■ **Activity**:
Word for word, restate the entries below and exclude every image.

=== Begin Enclosure ===

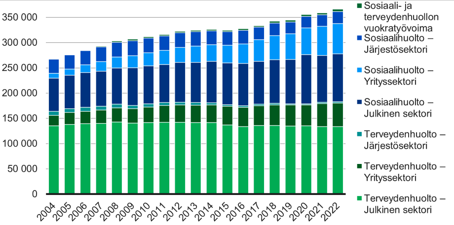 Vuoden 2023 lopussa sosiaali- ja terveyspalveluissa työskenteli yhteensä noin 372 600 henkilöä. Määrä kasvoi 1,7 prosenttia (noin 6 340 henkilöä) vuodesta 2022 ja 8,8 prosenttia (noin 30 000 henkilöä) vuodesta 2018. Henkilöstöstä 49,5 prosenttia työskenteli terveydenhuollossa, 49,1 prosenttia sosiaalihuollossa ja henkilöstövuokrausyritysten kautta 1,3 prosenttia.*
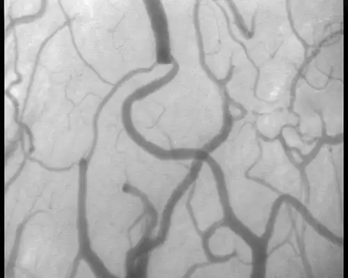 Darstellung der Mikrozirkulation mit Sidestream Dark Field Imaging. Die Blutgefäße heben sich dunkel vor dem hellen Hintergrund ab, da in ihnen das Licht absorbiert wird.
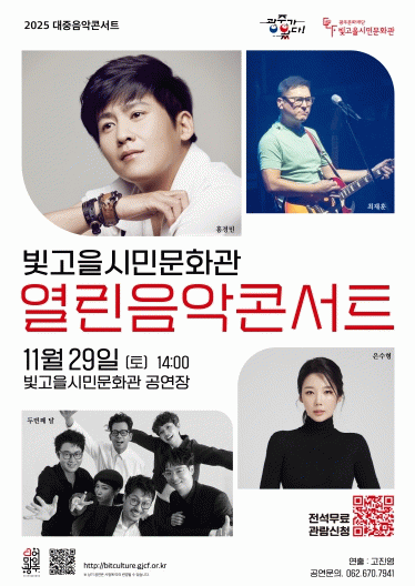 공연 정보는 빛고을시민문화관 누리집, 광주문화재단 누리집, 광주문화예술통합플랫폼 디어마이광주에서 확인할 수 있으며, 문의는 ☎062-670-7941로 하면 된다.
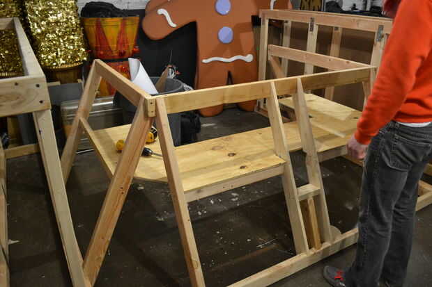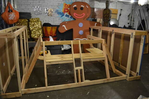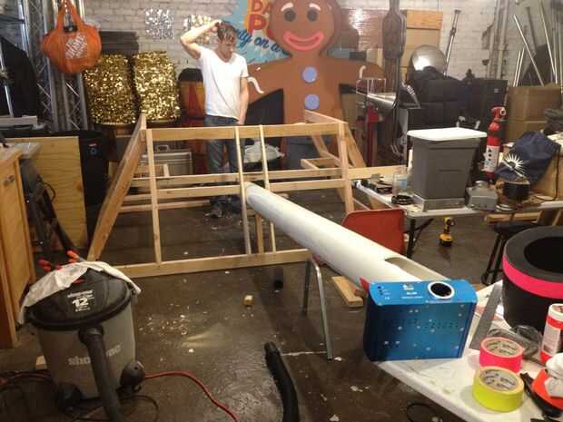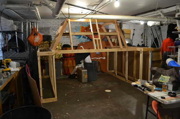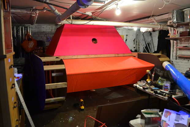 La sección de centro se compone de tres pisos que bolt juntos, con la tabla de equipo de DJ atornillar en su lugar para estabilizar aún más todo. La parte frontal inferior del tanque no tiene casi ninguna estructura física ya que es unas pocas yardas de material fluorescente impermeable con velcro conectarse dos horizontal 2 x 4 en la estructura del centro y envuelto alrededor de un tubo de PVC para crear una forma sólida.
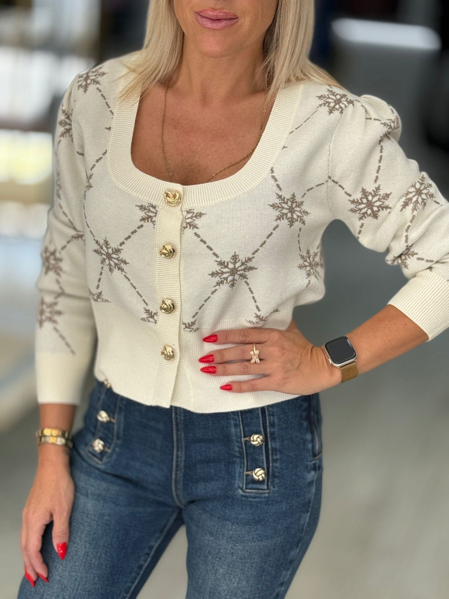 Casaco de malha. Gola redonda. Fechamento na frente com botões. Malha canelada nos punhos, cós e decote.
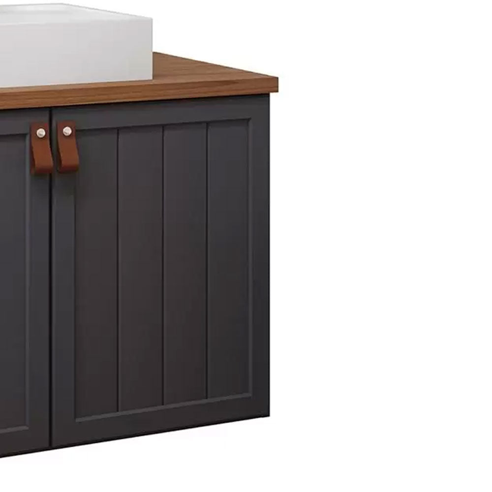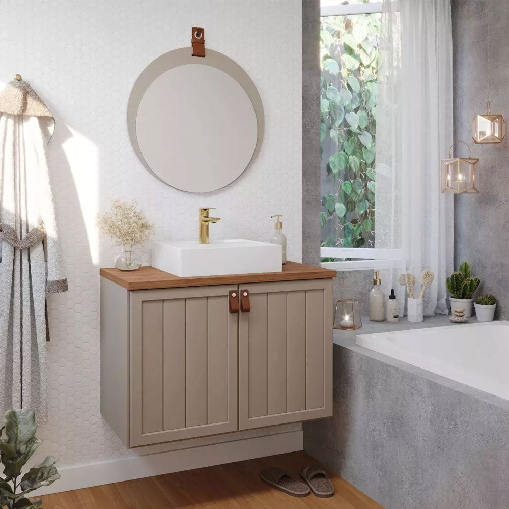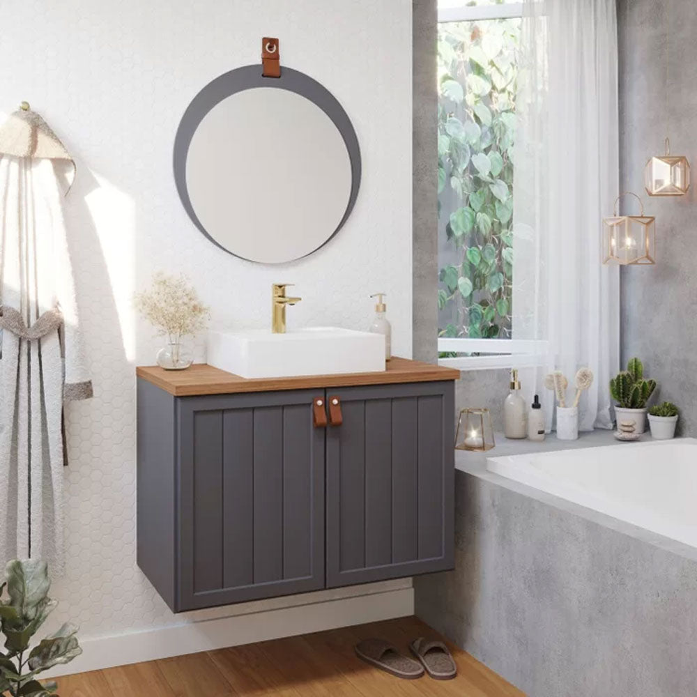 O gabinete é suspenso, o que facilita a limpeza do piso do banheiro. Além disso, vem montado e pronto para uso, o que torna a instalação muito mais fácil.

=== End Enclosure ===

■ **Task solution**:
 Vuoden 2023 lopussa sosiaali- ja terveyspalveluissa työskenteli yhteensä noin 372 600 henkilöä. Määrä kasvoi 1,7 prosenttia (noin 6 340 henkilöä) vuodesta 2022 ja 8,8 prosenttia (noin 30 000 henkilöä) vuodesta 2018. Henkilöstöstä 49,5 prosenttia työskenteli terveydenhuollossa, 49,1 prosenttia sosiaalihuollossa ja henkilöstövuokrausyritysten kautta 1,3 prosenttia.*
 Darstellung der Mikrozirkulation mit Sidestream Dark Field Imaging. Die Blutgefäße heben sich dunkel vor dem hellen Hintergrund ab, da in ihnen das Licht absorbiert wird.
 공연 정보는 빛고을시민문화관 누리집, 광주문화재단 누리집, 광주문화예술통합플랫폼 디어마이광주에서 확인할 수 있으며, 문의는 ☎062-670-7941로 하면 된다.
 La sección de centro se compone de tres pisos que bolt juntos, con la tabla de equipo de DJ atornillar en su lugar para estabilizar aún más todo. La parte frontal inferior del tanque no tiene casi ninguna estructura física ya que es unas pocas yardas de material fluorescente impermeable con velcro conectarse dos horizontal 2 x 4 en la estructura del centro y envuelto alrededor de un tubo de PVC para crear una forma sólida.
 Casaco de malha. Gola redonda. Fechamento na frente com botões. Malha canelada nos punhos, cós e decote.
 O gabinete é suspenso, o que facilita a limpeza do piso do banheiro. Além disso, vem montado e pronto para uso, o que torna a instalação muito mais fácil.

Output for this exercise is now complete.